“A company has a greater responsibility than making money for its stockholders.” David Packard, co-founder, President, CEO, and Chairman of the Board of Hewlett-Packard once quipped. “We have a responsibility to our employees to recognize their dignity as human beings.”

For those who have experienced working for a company or institution, it has almost become a common knowledge that successful companies are those that showed the uncanny ability to make their employees happy. One of the ways, experience would dictate, to make such employees happy would be to give them the recognition due them for jobs well done. No matter how hard some people might deny it, every employee secretly or openly crave recognition. As human beings, recognition makes us happy; makes us work harder; inspires us to stay with the company; transforms us to be the ideal employees. How so? Recognizing and giving praise to an employee actually stimulates a biological response in their brains through the release of dopamine – a highly addictive neurotransmitter associated with feelings of pleasure, enjoyment, and euphoria. Through the treatment of employees as if they were your best customers and giving them the appropriate recognition, employee engagement can increase, foster employee advocacy, and ultimately affect the company well-being. Having said that, allow me now to offer some useful and practical tips on how to go about recognizing employees.

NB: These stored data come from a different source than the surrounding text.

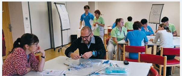
Für die Pflegemitarbeitenden finden mehrmals jährlich Aktionstage statt. An einzelnen Stationen können sie innerhalb von nur 30 bis 45 Minuten ihr Wissen auffrischen. Auf dem Foto geht es um Pflegestandards, z. B. bei der Körperpflege.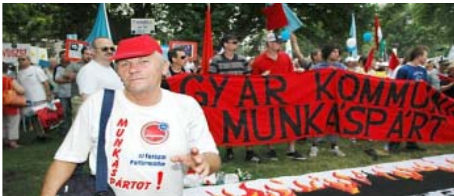
MUNKÁSPÁRTI AKTIVISTÁK A SZAKSZERVEZETEK TÜNTETÉSÉN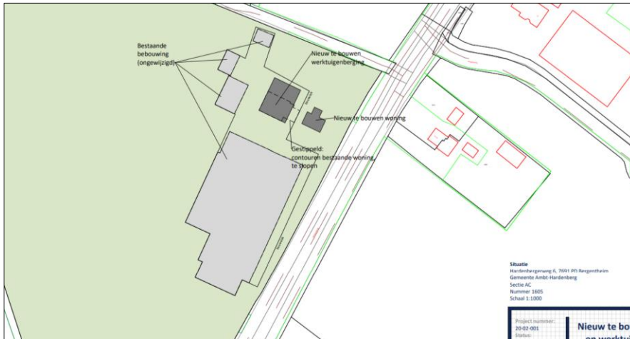
Verbeelding van het wenselijke eindbeeld.

Er zijn concrete plannen om alle bebouwing in het plangebied te slopen en een nieuwe woning en werktuigenberging in het plangebied te bouwen. Het nieuwe erf wordt landschappelijk ingepast middels de aanleg van erfbeplanting. Op onderstaande afbeelding wordt het wenselijke eindbeeld weergegeven.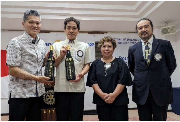
大城会長・儀間幹事 1年間本当にお疲れさまでした

新城エレクトへと引き継がれましたが、会長は次年度のお役目で更にクラブに貢献することで、今年度の成長を確実なものにしたい、とご挨拶されました。お酒コンビのお二人、本当にありがとうございました！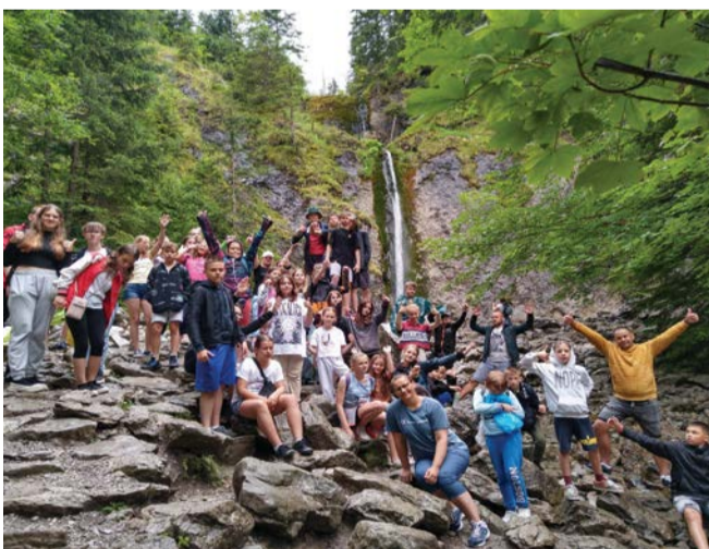
Uczniowie z Gminy Kępic na jednym z górskich szlaków.

- Współpraca międzygminna daje nam wiele satysfakcji.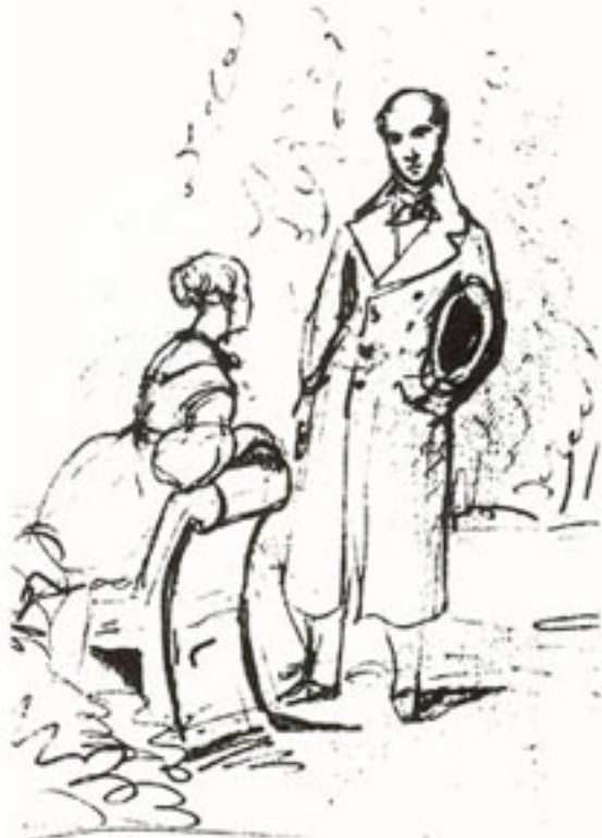
RETRATO DE MAURICIO RUGENDAS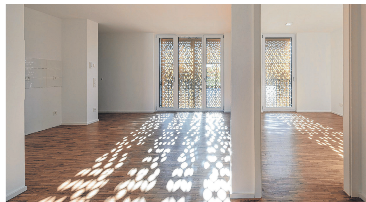
Schiebeläden zeichnen mit einem Muster aus Licht eine ganz besondere Atmosphäre in den Raum.

Baugenossenschaft HEGAU eG mehr als gewohnt!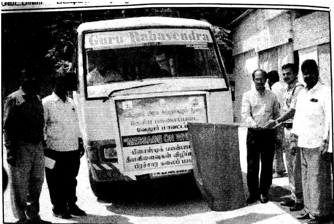
வேலூர் மாவட்ட தேசிய பசுமைப் படை சார்பில் நாராயணி மெட்ரிக் மேல்நிலைப்பள்ளியில் பிளாஸ்டிக் மாசில்லா விழிப்புணர்வு பயணம் தொடங்கப்பட்ட காட்சி.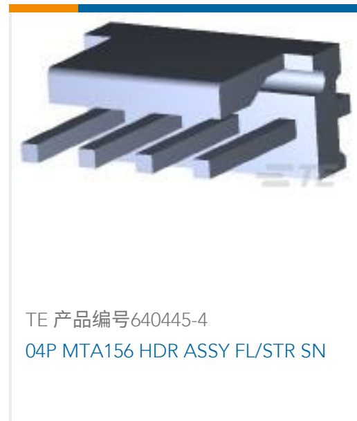
TE 产品编号640445-4 04P MTA156 HDR ASSY FL/STR SN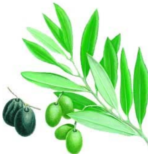
Olivier: fruit et feuille.

L'Olivier en Espagne, marqueur de paysages , le 24 novembre, 18 heures Chapelle historique du Bon-Pasteur. En co-production avec le Consulat général d'Espagne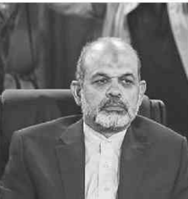
بهاجم تجویح می‌شود وی خاطرنشان کرد: این که تلاش کنیم از داخل اعداد یک تحلیل‌هایی در بیاوریم به نظر من خرافه‌زدگی است

وزیر کشور تأکید کرد: تجویح نهایی آراء اصلاً ضرب نمی‌شود بلکه جمع می‌شود، یعنی آراء تک تک صندوق‌ها با هم جمع می‌شود و در نهایت بهایم جمع می‌شود.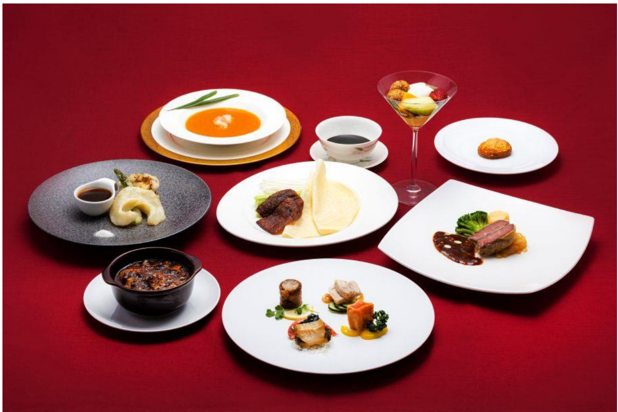
中国料理 四川 35 周年記念ペアコース

<本件に関する報道関係各位からのお問い合わせ先> 都ホテル 四日市 セールス&マーケティング部 〒510-0075 三重県四日市市安島 1-3-38 TEL：059-355-2806 FAX：059-352-4163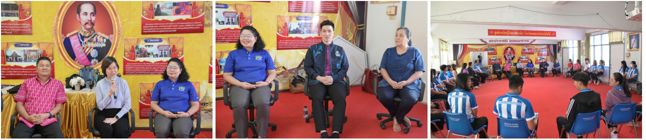
เทศบาลนครนครสวรรค์ มหาวิทยาลัยมหิดล นครสวรรค์ อบรบครูและบุคลากรสังกัดเทศบาลนครนครสวรรค์ ทำ PLC ในแนวทางจิตตปัญญาศึกษา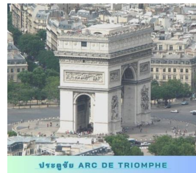
ประตูชัย ARC DE TRIOMPHE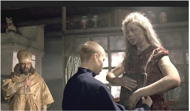
Великое стояние Зои. (Кадр из фильма)

Жутко было сторожам, и они стали уговаривать Зою: «Что ты так ужасно кричишь?» Но Зоя продолжала кричать. «Страшно, страшно, земля в беззаконии горит. Молитесь. Люди в грехах гибнут. Молитесь!»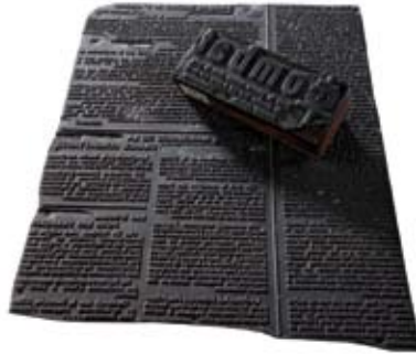
COMBAT, ÉDITION SPÉCIALE, NOVEMBRE 1943 – PLOMB LOGOTYPE ET PLAQUE DU PREMIER EXEMPLAIRE DATÉ DE DÉCEMBRE 1941 (fonds Soucelier, association des Amis du CHRD)

La presse clandestine a joué un rôle essentiel dans la Résistance, qu'illustrent la reconstitution de la cave aménagée en imprimerie clandestine ainsi que cet ensemble d'objets.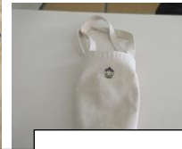
ひら麻呂ワンポイント トートバッグ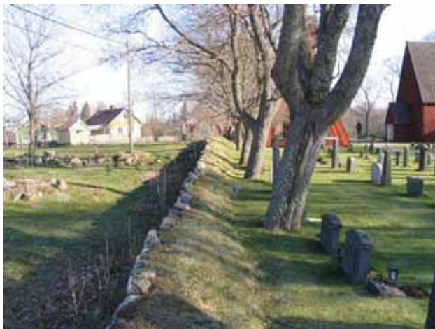
Kyrkogårdens stödmur och trädkrans i väster. (KI Kråksmåla kyrkog 011)

samt vårdar av marmor, sandsten, kalksten, trä eller gjutjärn. Ett mindre antal gravvårdar har återanvänts antingen genom en ny inskription på baksidan eller genom att stenen slipats om. Framför flera vårdar som markerar familjegravar har mindre stenplattor placerats som visar på sekundära begravningar på gravplatsen. Man kan också notera att antalet gravvårdar från slutat av 1950-talet och 1960-talet är litet. Detta sammanfaller med att den nya kyrkogården tas i bruk.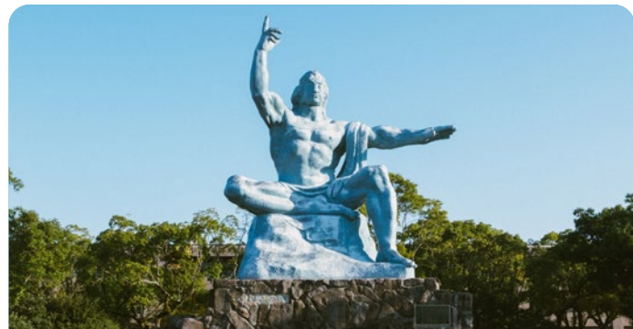
Nagasaki, Japão 22 de agosto de 2026

Preço desde Adulto desde 92€ Criança desde 70€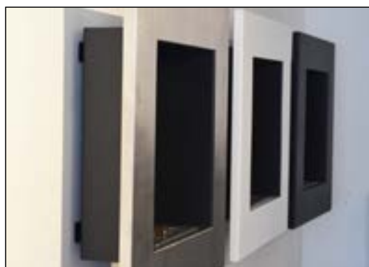
Mellanrum mellan vägg och etanolaminer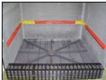
StringA-Level aproximadamente alineado.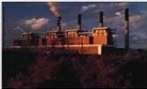
Магнитогорский, Кузнецкий металлургические комбинаты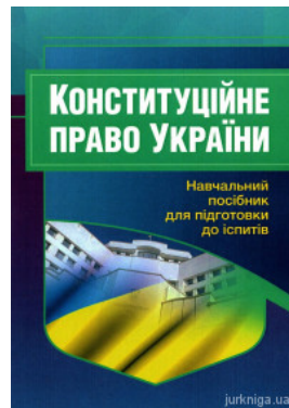
Конституційне право України. Навчальний посібник для підготовки до іспитів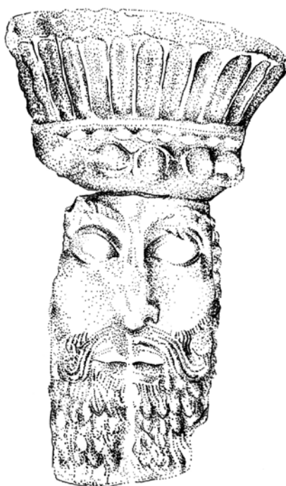
تصویر ۴. موقعیت سردیس و تاج (نگارنده، ۱۳۹۹).

شکسته و از بین رفته است و احتمالاً کشیده بوده است. موی محاسن پیچیده و مجعد است. ابروان پرپشت و پیشانی آن بلند به تصویر کشیده شده که البته ادامه آن در قطعه تاج نمایان است. موی مجعد روی گوش چپ مشاهده می‌شود. روی هم‌رفته به نظر مردی مقتدر با صورت بی‌روحو می‌آید. این قطعه بسیار شبیه به نمونه‌های هخامنشی است و اگر در جای دیگری به دست می‌آمد شاید آن را هخامنشی می‌پنداشتند، این سبک ساخت را ساسانیان از اسلاف خود به ارث برده‌اند در حقیقت هنر ساسانی در ابتدای امر کاملاً وارث گذشته ایرانی است (تصویر ۴)، غیر از تاج، صورت این پادشاه شبیه به شاپور اول و هرمز اول است. محاسن این شهریار با محاسن اردشیر اول، بهرام اول و بهرام دوم تفاوت دارد، ولی هنگامی که بحث تطبیق تاج به میان می‌آید، اختلافات جدی مشاهده می‌شود. تاج این شاه با هیچ‌کدام از شاهانی که احتمالاً در بیشاپور زیسته‌اند، مطابقت نمی‌کند و او را شبیه به نرسه نشان داده است، ولی تاکنون نشانی از سلطنت نرسه از بیشاپور به دست نیامده است، این موضوع چالشی را ایجاد می‌کند که چرا این پیکر گچی این‌قدر شبیه به نرسه است؟ آیا این تاج احتمالاً به شکل نمادین روی سردیس ساخته شده است؟ و به خاطر همین نشانه پادشاهی شخص خاصی نیست و یا این‌که نرسه نیز در بیشاپور زیسته است که این موضوع با فعالیت‌های باستان‌شناسی بیشتر و گاه‌نگاری مطلق می‌توان به آن دست یافت.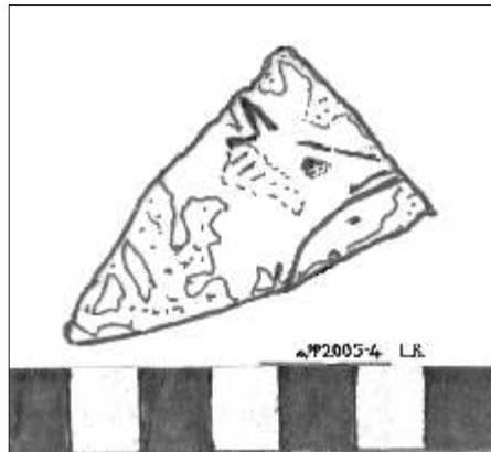
Pereto, materiali ceramici databili al XIII secolo

dioevo (ma anche da epoca protostorica e romana) all'epoca moderna: di consistente interesse i risultati dell'indagine affidabili ai periodi compresi tra Altomedioevo, la dominazione dei conti dei Marsi, dei Normanni, di Federico II e degli Angioini, sino ai dominati Orsini e Colonna, per un ampio arco cronologico fino al XVII secolo.

Be timely with your recognition efforts.

Old-fashioned recognition programs cannot have the same effect as an immediate recognition for an excellent work. Do not wait for months to recognize what has been superbly done today. Send a recognition memo or post a note on the employee’s door or table thanking him or her for a great job. A pat on the back or a face-to-face personal acknowledgment will do wonders to a staff’s morale. Better yet, why don’t you ask 1 or 2 high-ranking officers to go with you and spontaneously drop by the staff’s cubicle to recognize excellent work? Sending out a weekly “Great Achievement Award” to everyone to acknowledge outstanding employees will also help. During a meeting, recognize the employee’s success, hold up an applause sign, and then look at the expression of the employee’s reaction and you will realize that I am right.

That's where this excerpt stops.